ASSIGNMENT ->
Write out exactly, with both ends included, the lines that run from the line containing "but very annoying." to the end of the entries. Pictures are not part of the answer.

-*-*-

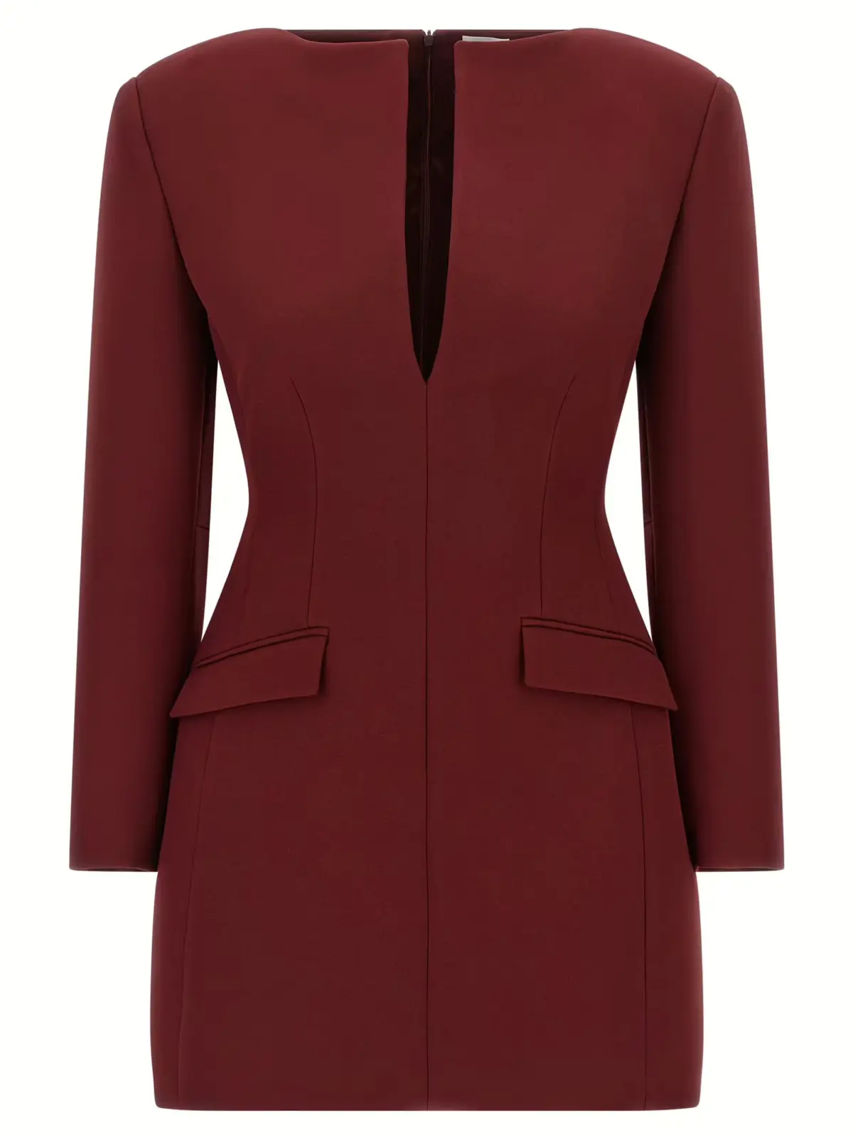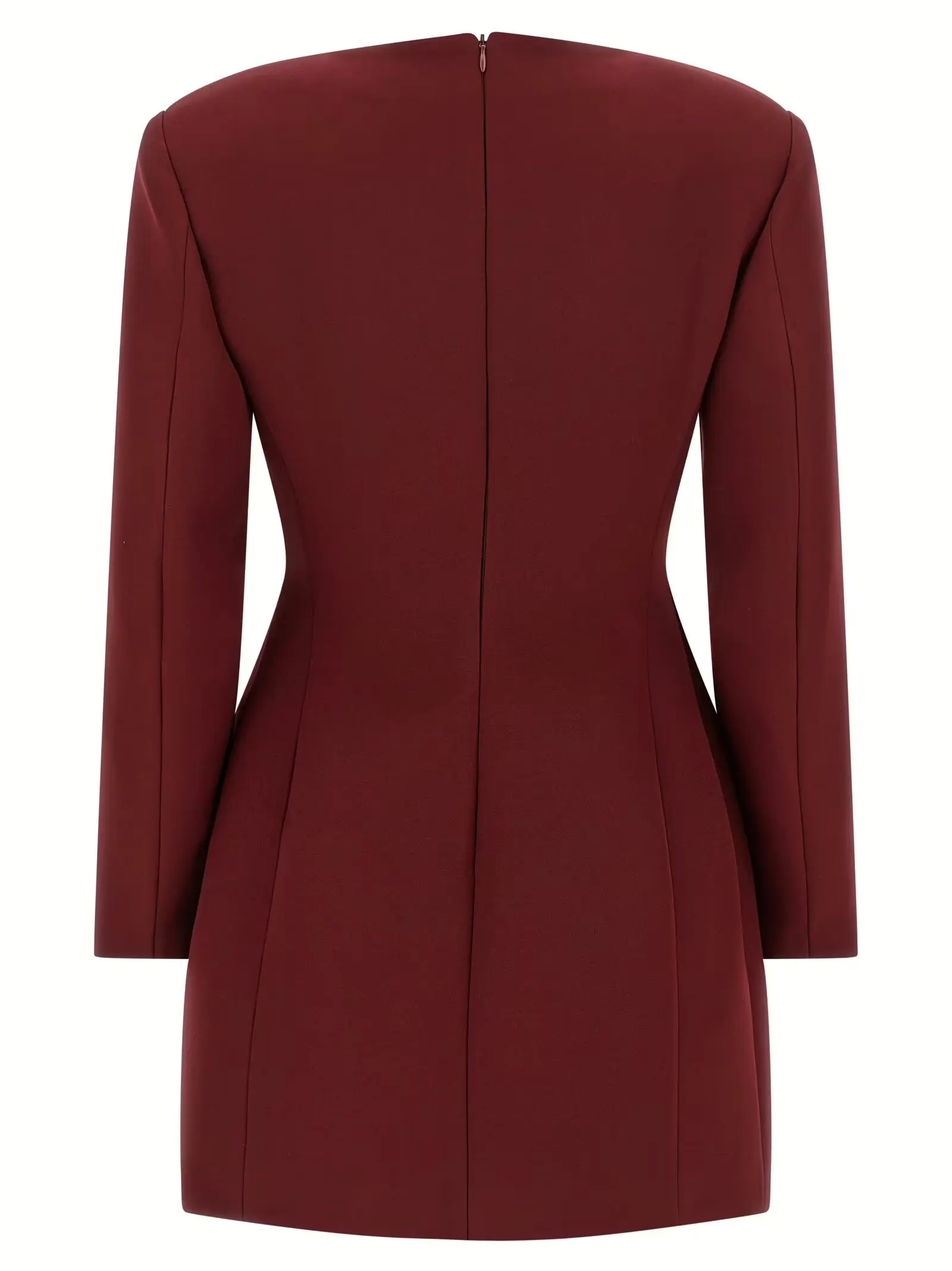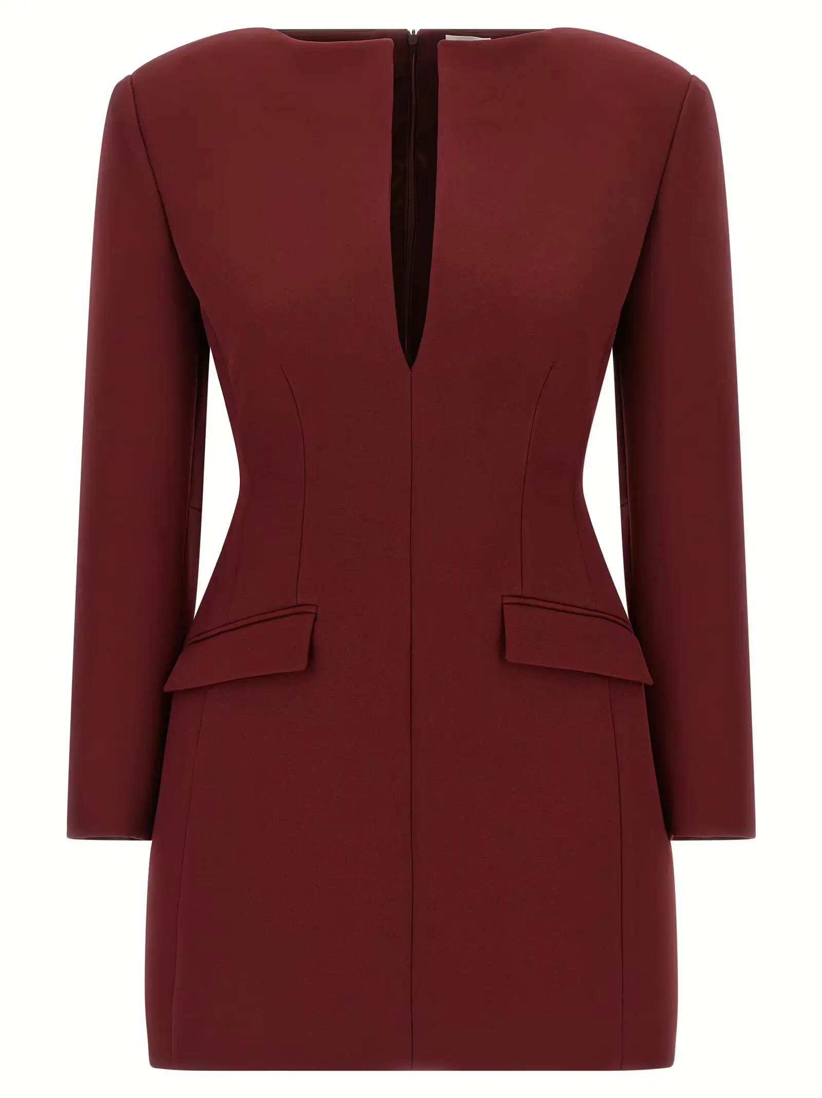 Вишукана сукня бордового відтінку з технічного крепу, що ідеально підкреслює силует пісочного годинника, поєднує елегантність і сучасний стиль. Модель оснащена круглим вирізом із розрізом спереду, клапанними кишенями, плечовими підплічниками та довгими рукавами, забезпечуючи бездоганну посадку й комфорт. Внутрішня підкладка з ацетату додає легкості, а застібка на блискавку ззаду акцентує акуратність крою. Цей виріб виражає статус і впевненість, стаючи універсальним вибором для вишуканих образів.
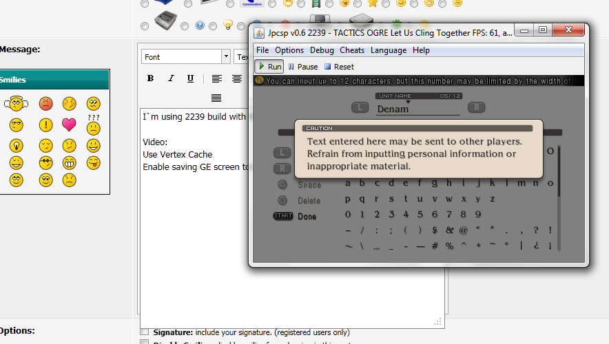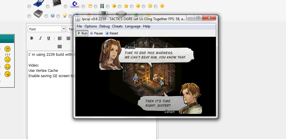 ' Wrote:The game is playable (bit slow on menus) but that happens when entering in Almorica... I´m going to upload a video! Thanks for the update, what build of JPCSP are you using? What are your system specs? I tried it with the most recent version 2239, and it ran moderately well on Windows XP up until the first battle. Certain parts of the screen started to freeze up or unfreeze randomly, it was playable but very annoying.
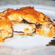 Tender Pork with Mushrooms in Cheese Sauce
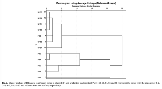 5 微生物群落結構(PLFA):數據來自Table 4和Fig.2,顯示種植處理好氧菌和厭氧菌生物量在S1-S5區(0-10mm)升高,好氧菌主導;聚類分析顯示根際微生物群落改變。研究意義是證實根分泌物和氧氣共同調控微生物群落,好氧菌對降解貢獻更大。
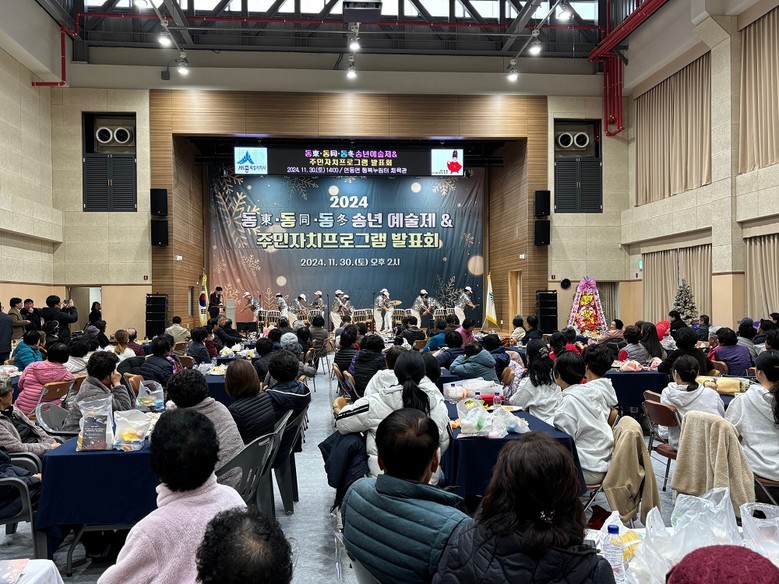 [세종 세계타임즈=이채봉 기자] 세종특별자치 연동면(면장 박종우)이 지난달 30일 연동면 행복누림터(복합커뮤니티센터)에서 주민 300여 명이 참여한 가운데 ‘동동동(東同冬) 송년 예술제’를 개최했다.
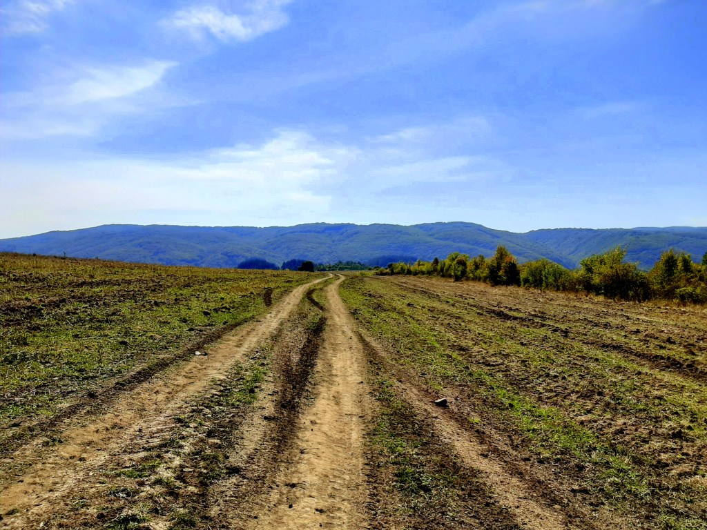 GPS-ът и картата на табелата показваха да продължим наляво по перпендикулярния на пътеката, от която идвахме, път. Така се озовахме на краткия път към селото, който се отклоняваше от екопътеката „Лозенска планина“.
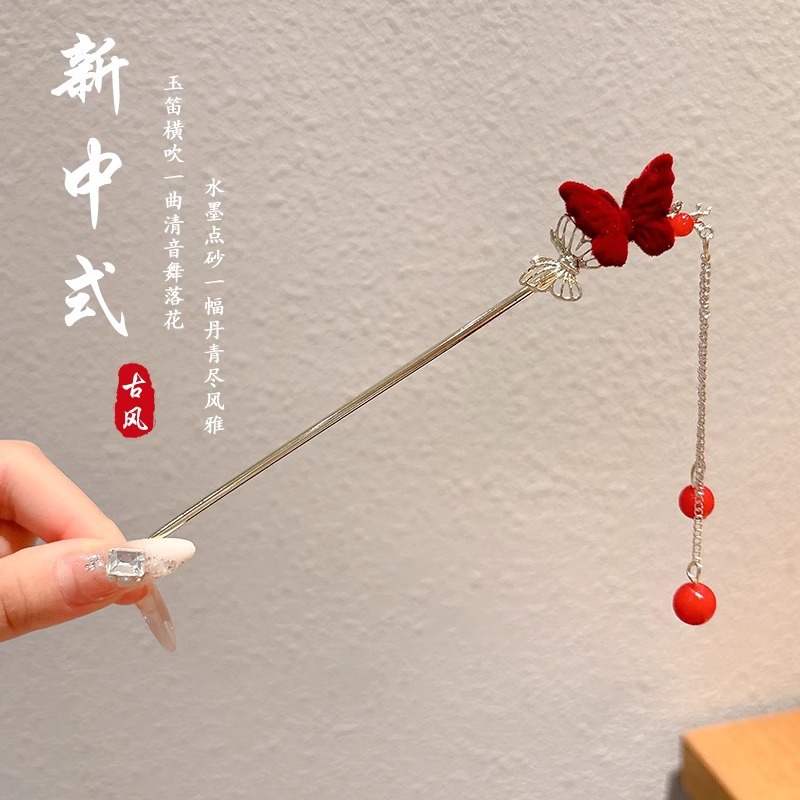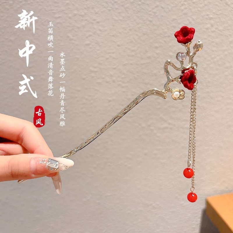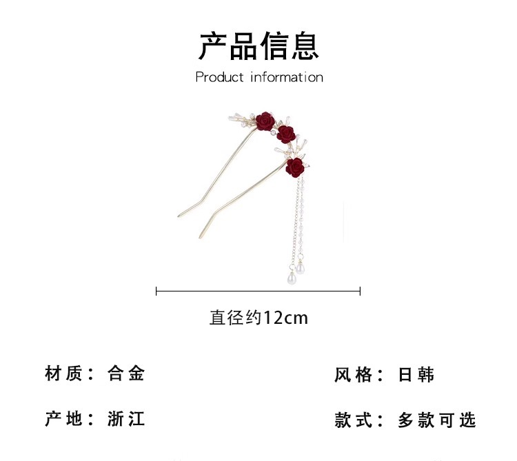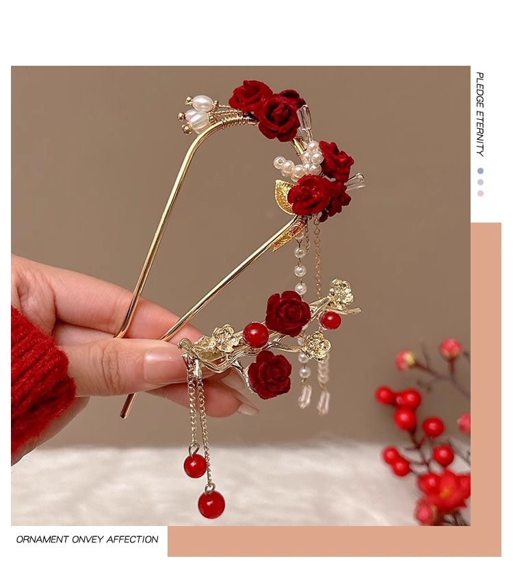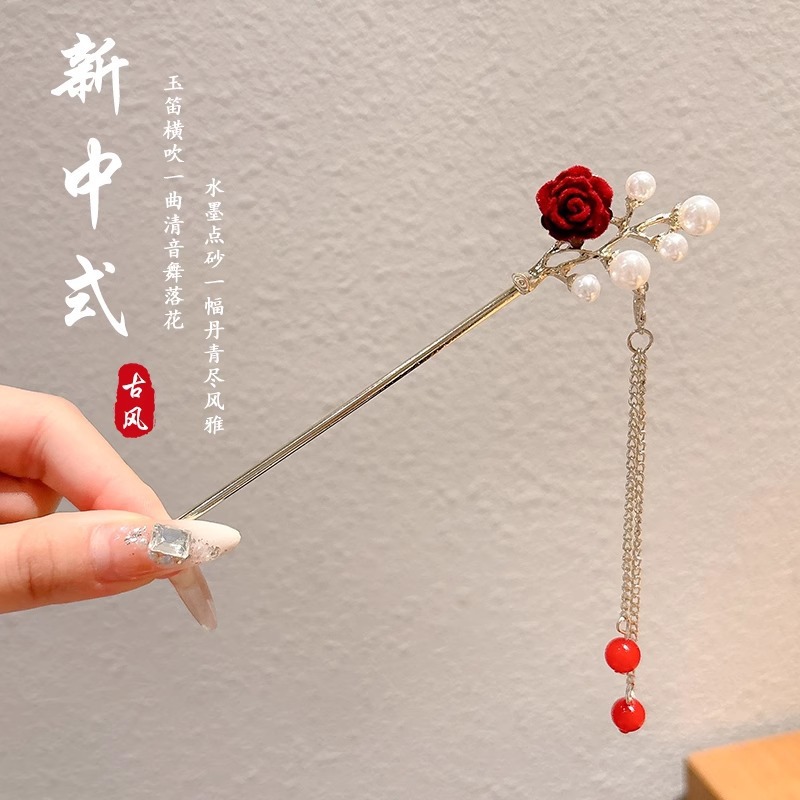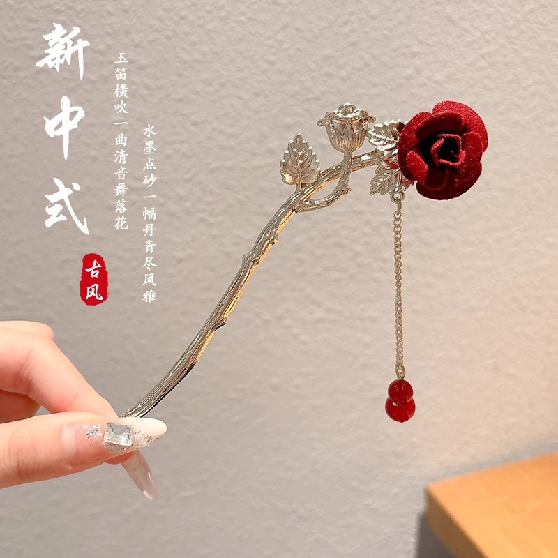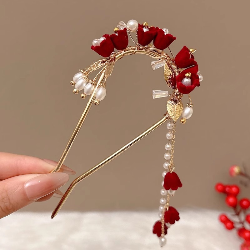 新中式红色玫瑰花u型发簪子女后脑勺盘发神器丸子头发钗新娘头饰
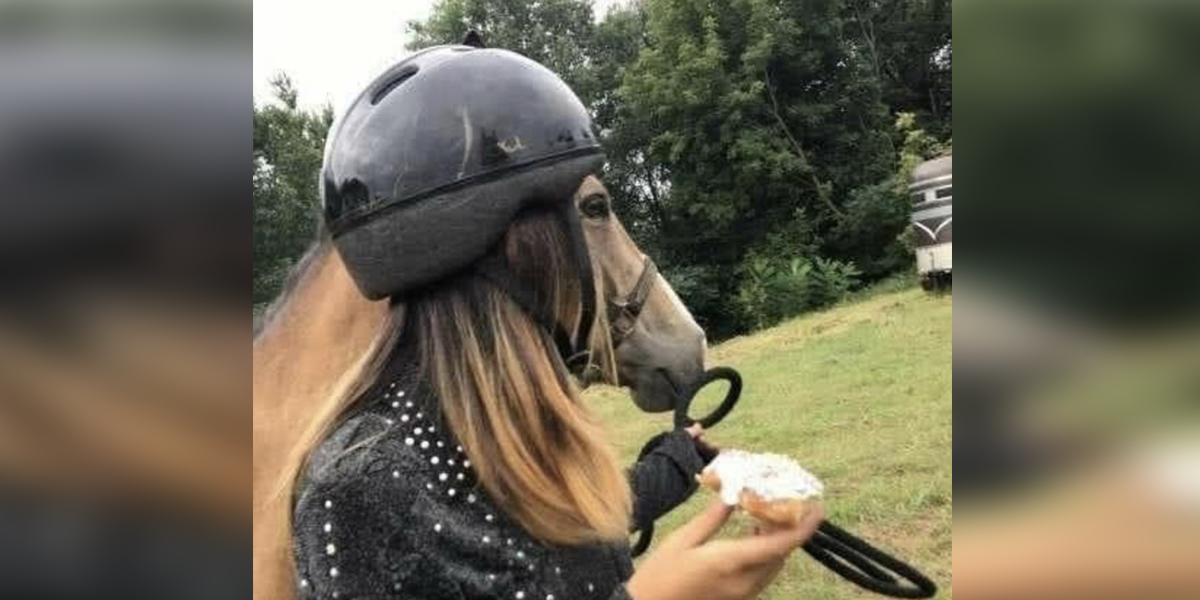 یہ کافی دلچسپ تصویر ہے۔ ایک گھوڑا جسے دیکھ کر لگ رہا ہے کہ اس کے سر پر ہیلمٹ موجود ہے مگر حقیقت میں نظر آرہا ہے ویسا بالکل نہیں۔ ہیلمٹ درحقیقت لڑکی نے پہنا ہوا ہے جس کے آگے ایک گھوڑے کا چہرہ بھی نظر آرہا ہے۔ لڑکی کا چہرہ نظر نہیں آرہا جس سے یوں محسوس ہوتا ہے کہ گھوڑے نے ہیلمٹ لگایا ہوا ہے۔

-*-*-

RESPONSE ->
 ' Wrote:The game is playable (bit slow on menus) but that happens when entering in Almorica... I´m going to upload a video! Thanks for the update, what build of JPCSP are you using? What are your system specs? I tried it with the most recent version 2239, and it ran moderately well on Windows XP up until the first battle. Certain parts of the screen started to freeze up or unfreeze randomly, it was playable but very annoying.
 Tender Pork with Mushrooms in Cheese Sauce
 5 微生物群落結構(PLFA):數據來自Table 4和Fig.2,顯示種植處理好氧菌和厭氧菌生物量在S1-S5區(0-10mm)升高,好氧菌主導;聚類分析顯示根際微生物群落改變。研究意義是證實根分泌物和氧氣共同調控微生物群落,好氧菌對降解貢獻更大。
 [세종 세계타임즈=이채봉 기자] 세종특별자치 연동면(면장 박종우)이 지난달 30일 연동면 행복누림터(복합커뮤니티센터)에서 주민 300여 명이 참여한 가운데 ‘동동동(東同冬) 송년 예술제’를 개최했다.
 GPS-ът и картата на табелата показваха да продължим наляво по перпендикулярния на пътеката, от която идвахме, път. Така се озовахме на краткия път към селото, който се отклоняваше от екопътеката „Лозенска планина“.
 新中式红色玫瑰花u型发簪子女后脑勺盘发神器丸子头发钗新娘头饰
 یہ کافی دلچسپ تصویر ہے۔ ایک گھوڑا جسے دیکھ کر لگ رہا ہے کہ اس کے سر پر ہیلمٹ موجود ہے مگر حقیقت میں نظر آرہا ہے ویسا بالکل نہیں۔ ہیلمٹ درحقیقت لڑکی نے پہنا ہوا ہے جس کے آگے ایک گھوڑے کا چہرہ بھی نظر آرہا ہے۔ لڑکی کا چہرہ نظر نہیں آرہا جس سے یوں محسوس ہوتا ہے کہ گھوڑے نے ہیلمٹ لگایا ہوا ہے۔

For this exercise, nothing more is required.